Since 2002, several large-scale MeSH indexing approaches such as MeSHLabeler, DeepMeSH and MeSHProbeNet have been proposed to enhance automated indexing. However, the performance of these models is limited by their reliance on article titles and abstracts; improved results could be achieved by leveraging full-text content. While the National Library of Medicine (NLM) continues to evaluate innovative technologies to improve indexing performance, new challenges persist as novel medical concepts are introduced in the biomedical literature.

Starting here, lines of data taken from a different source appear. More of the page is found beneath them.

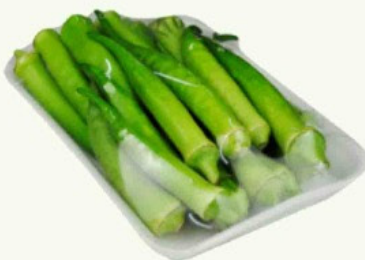
Quiabo Yuba 380g kg
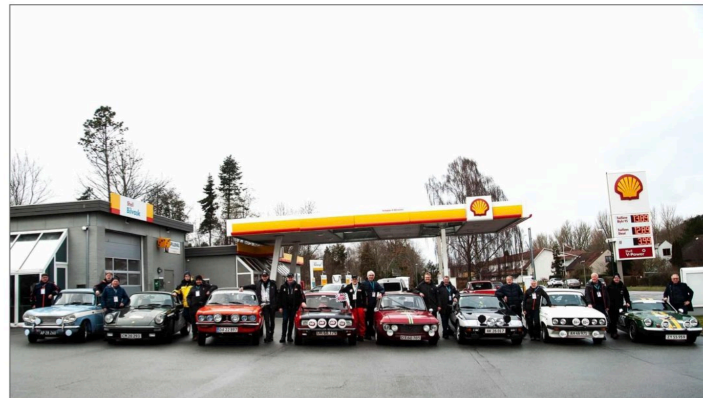
De otte biler, der deltog i pre-starten i Assens, er her linet op hos Shell i Assens.
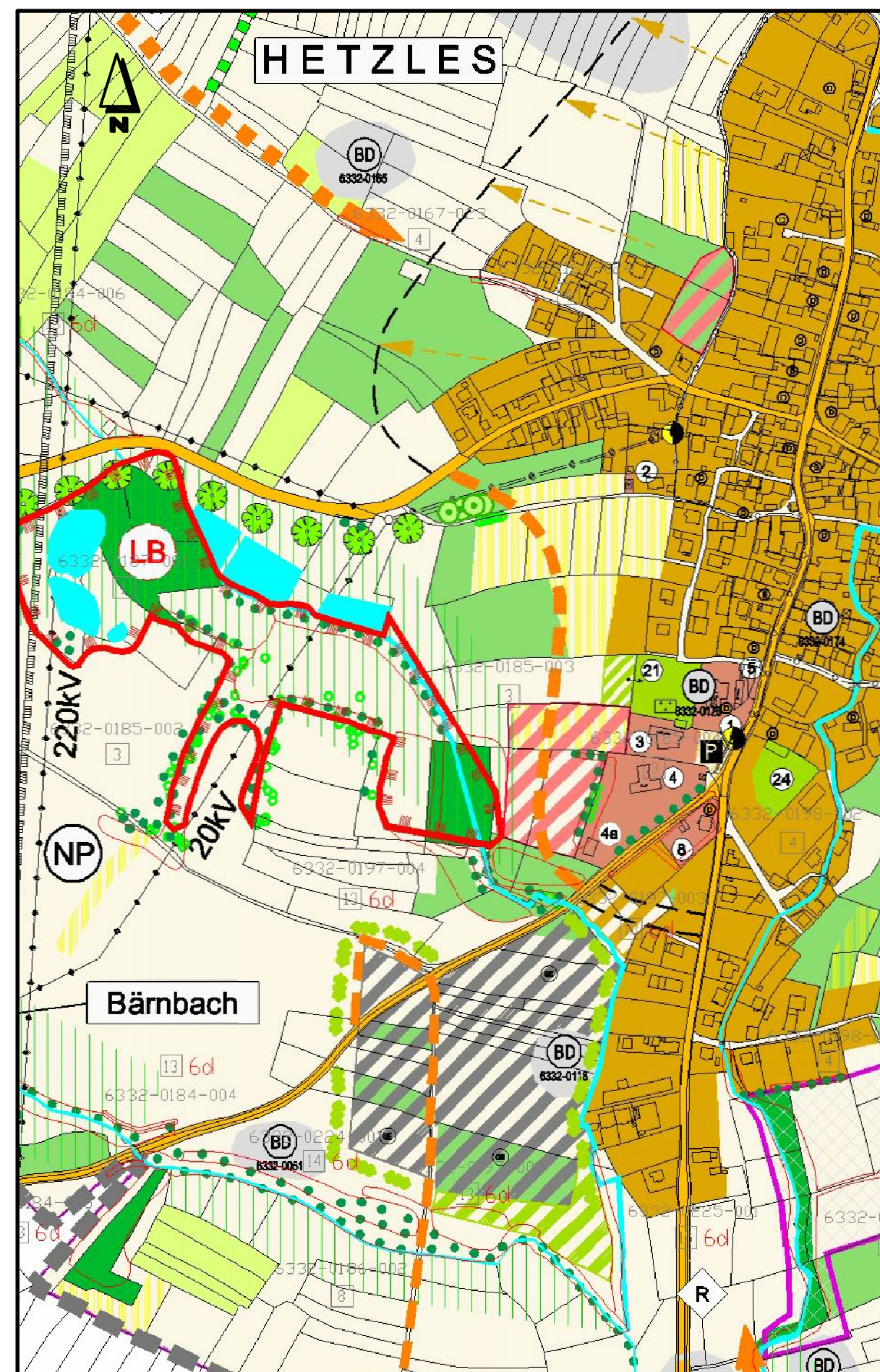
Aktueller Flächennutzungsplan Stand 12.02.2008

In fiscal year 2021, the average time required to index articles fully reviewed by human indexers was 145 days, excluding the time needed for bibliographic data review. By 2022, the NLM had implemented a fully automated indexing program for MEDLINE using its Medical Text Indexer (MTI-Auto). Under this system, human review is retained for selected subject areas, while other records are reviewed on a random basis. Indexing time has improved considerably through automation reducing the time to one business day.

What is automated indexing in MEDLINE?

Automated indexing in MEDLINE is sometimes referred to as algorithmic indexing (see Amar-Zifkin et al (2025)). In the MTI, algorithms are key to the indexing workflow at NLM. In 2022, first-line indexing for all MEDLINE records was performed by the MTIA, with humans limiting their curation to sets involving genes and proteins. In 2025, the NLM uses the MTIX which is based on neural networks technology.

According to the Encyclopedia of Knowledge Organization, “[algorithmic] indexing has referred historically to search-engines where automation plays an important role because of the scale of information". Similarly, with semantic indexing, terms used in related documents tend to have similar subject content and meaning. Based on these assumptions, associations between terms that occur in similar documents are calculated, and then concepts for those documents extracted from a corpus. Indexing using semantic AI technologies has scalability and is a major driver of its application in large web search engines. Further, algorithms have been shown to prove indexing consistency, although inconsistencies are not solved by applying automatic indexing methods alone. In other words, automated indexing is not an “objective” process as it reflects the worldview of the texts it indexes, and may perpetuate its own specific perspectives and biases. A reliance on using a large corpus of raw text to return outputs means that these algorithms suffer from their own indexing imprecision and unreliability.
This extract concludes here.